Abstract
Background
Lymphocytic colitis (LC) can be mistakenly diagnosed as irritable bowel syndrome (IBS). In a previous study on IBS, some patients showed extremely high colonic chromogranin A cell density. Further examination of these patients showed that they suffered from LC.
Aims
To investigate whether chromogranin A cell density is increased in LC patients and to examine the possibility of using this increase as a marker for the diagnosis of LC.
Methods
Fifty-seven patients diagnosed with LC and 54 controls were included in the study. Biopsies from the right and left colon were obtained from both patients and controls, which were immunostained using the Avidin–biotin-complex method for chromogranin A, and cell density was quantified.
Results
In both the right and left colon of patients with LC, the density of chromogranin A was significantly higher than in controls.
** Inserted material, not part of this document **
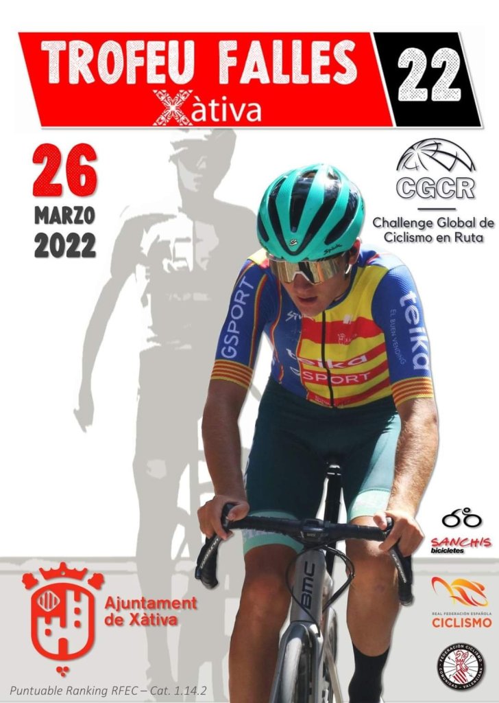 El II Trofeu Falles de Xàtiva, prueba de ruta para categoría junior prevista inicialmente para el próximo 26 de marzo, ha sido aplazado. La organización, a cargo del CC Bicicletes Sanchis, ya trabaja en la búsqueda de una nueva fecha para la carrera.

This increase in chromogranin A cells occurs whether the number of these cells is expressed as number/mm2 epithelium or as number/field. Chromogranin A cell density for the right and left colon expressed as number of cells/mm2 epithelium or as cell number/field showed a high sensitivity and specificity as a diagnostic marker for LC.
Conclusions
Chromogranin A is a common marker for endocrine cells, and the present finding suggests that colonic hormones are involved in the pathophysiology of LC. The chromogranin cell density seems to be a good diagnostic marker with high sensitivity and specificity in both the right and left colon, thus sigmoidoscopy can be used in the diagnosis of LC using with this marker.
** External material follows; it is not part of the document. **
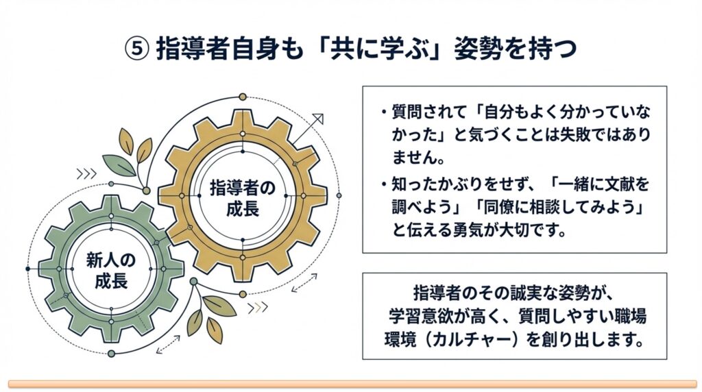 新人教育は、新人だけでなく指導者自身の成長の機会でもあります。

Similar content being viewed by others
Introduction
Microscopic colitis (MC) is a chronic condition, which is characterized by watery diarrhea with normal radiologic and endoscopic findings. However, histopathological examinations of the colon reveal abnormal histology [1], which is of two distinctive types: lymphocytic colitis (LC) and collagenous colitis (CC) [1]. LC exhibits an increased number of colonic intra-epithelial lymphocytes (>20/100 epithelial cells), increased inflammatory cells within lamina propria, and preserved crypt architecture [1]. Population-based studies in Europe and in the United States have reported an incidence of LC ranging from 3.1 to 9.8 per 100,000 [2–10]. The prevalence of LC in Europe and the United States in population-based investigation has been found to be 14.2 per 100,000 population [2–9].
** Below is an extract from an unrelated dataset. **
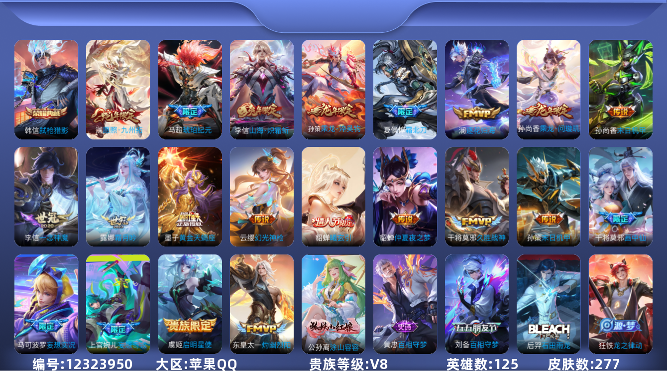 - [12293089]V8 1典藏 1珍品传说 23传说 124英雄 287皮肤 可修改实名 优质装备:弑枪猎影(韩信典藏),黑崎一护,黄金狮子座,云鹰飞将(小将军),炽阳神光,一念神魔,地狱火,地狱之眼,无双飞将,山海·炽霜斩(李信年限),山海·苍雷引(电光曜子),惊梅引 传说皮:乘龙·铭钟鼎(赵云年限),典韦战鼓燎原 珍宝阁皮:优雅恋人,蔷薇恋人,玩趣恶龙 限定皮:愿照·九州拓(澜年限),愿照·山河定(司空震年限),鸣野蒿,至尊宝,傲雪梅枪,时雨天司(水龙头),飞衡(韩信年限),影龙天霄,高山流水,诗剑行,齐天大圣,怒海麟威,五谷丰年,青龙志(铠年限),梁祝,岱宗(典韦年限),李小龙,孙行者,大圣娶亲,引擎之心,寅虎·赤拳(老虎年限),深海之息(深海大菠萝),山海·玄木吟(马可年限) 史诗皮:器灵·浮梦炉,星界战将,龙之律动,石田雨龙,茶境仙,怒海争锋,破空之剑,百相守梦-百里守约,百相守梦-黄忠,紫霞仙子,黄金分割率,特工魅影,千年之狐,江河有灵,百解令(蒙犽),蒙恬荣光圣徽,匿光破解者,偶像歌手,电玩·爆裂旋风,百相守梦(刘备),龙骑士(小龙虾),猫狗日记-孙策,乱世虎臣,节奏热浪,修罗,女仆咖啡,摇滚巨星,水果甜心,星夜王子,功夫厨神,德古拉伯爵,暗隐猎兽者,幽灵船长,鬼剑武藏,暗渊魔法,心灵战警,舞动绿茵,地狱岩魂,拒霜思,乘风破浪,水晶猎龙者,热力回旋,金属风暴,原初追逐者,圣诞恋歌,鹰眼统帅,魅力维加斯,赏金猎手,无心,未来纪元-赵云

LC and irritable bowel syndrome (IBS) have similar symptoms and a normal endoscopic appearance, as well as normal radiologic findings [10, 11]. Several studies have shown that LC can be mistakenly diagnosed as IBS [12, 13]. In a study on the colonic chromogranin A cell density in IBS patients [13], nine patients out of 50 showed extremely high colonic chromogranin A cell density [13]. This high density was in contrast to the low density of chromogranin cells in the rest of the IBS patients studied [13]. Further examination of these nine patients showed that they suffered from LC, although they fulfilled the Rome III criteria for IBS [13].
The symptoms of LC suggest an abnormally rapid intestinal motility and a decrease in the absorption of water. The neuroendocrine system of the gut plays a significant role in regulating gut motility, as well as the absorption of water and salts [14–17]. It is reasonable to assume, therefore, that colonic endocrine cells may be affected, and may be involved in the pathophysiology of this disorder. Chromogranin A is a 68-kDa protein comprising 439 amino acid residues, which was isolated for the first time from secretory granules of the bovine adrenal medulla [18]. Chromogranin A is co-stored and co-released with monoamines and peptide hormones of the adrenal medulla, pituitary gland, parathyroid, thyroid C-cells, pancreatic islets, endocrine cells of the gastrointestinal tract, and sympathetic nerves [19–20]. Therefore, chromogranin A is considered to be a general marker for all endocrine cells.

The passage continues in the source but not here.